Retype, exactly and with nothing added, the lines from the one showing "Wir bieten Übernachtung" through the final line of the material. Omit pictures.

**SUPPLIED INFORMATION**
____________________
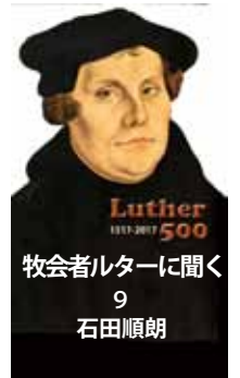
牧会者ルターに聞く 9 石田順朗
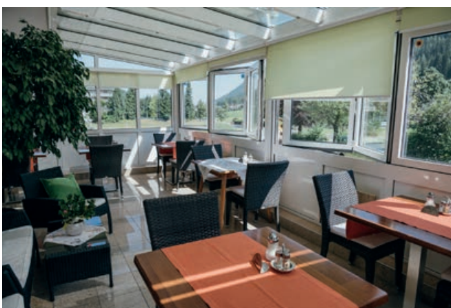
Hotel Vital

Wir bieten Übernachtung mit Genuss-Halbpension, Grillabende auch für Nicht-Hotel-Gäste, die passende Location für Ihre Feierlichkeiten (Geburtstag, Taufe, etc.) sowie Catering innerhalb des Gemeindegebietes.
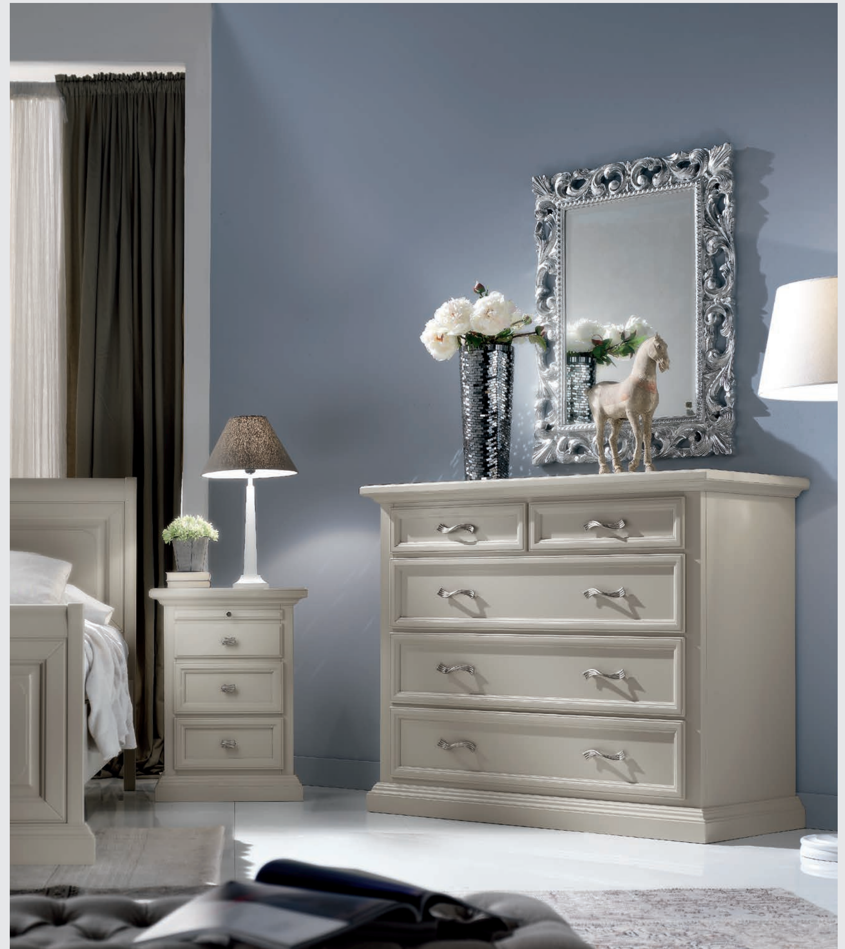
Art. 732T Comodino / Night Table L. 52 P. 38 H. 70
____________________
**RESULT**
Wir bieten Übernachtung mit Genuss-Halbpension, Grillabende auch für Nicht-Hotel-Gäste, die passende Location für Ihre Feierlichkeiten (Geburtstag, Taufe, etc.) sowie Catering innerhalb des Gemeindegebietes.
Art. 732T Comodino / Night Table L. 52 P. 38 H. 70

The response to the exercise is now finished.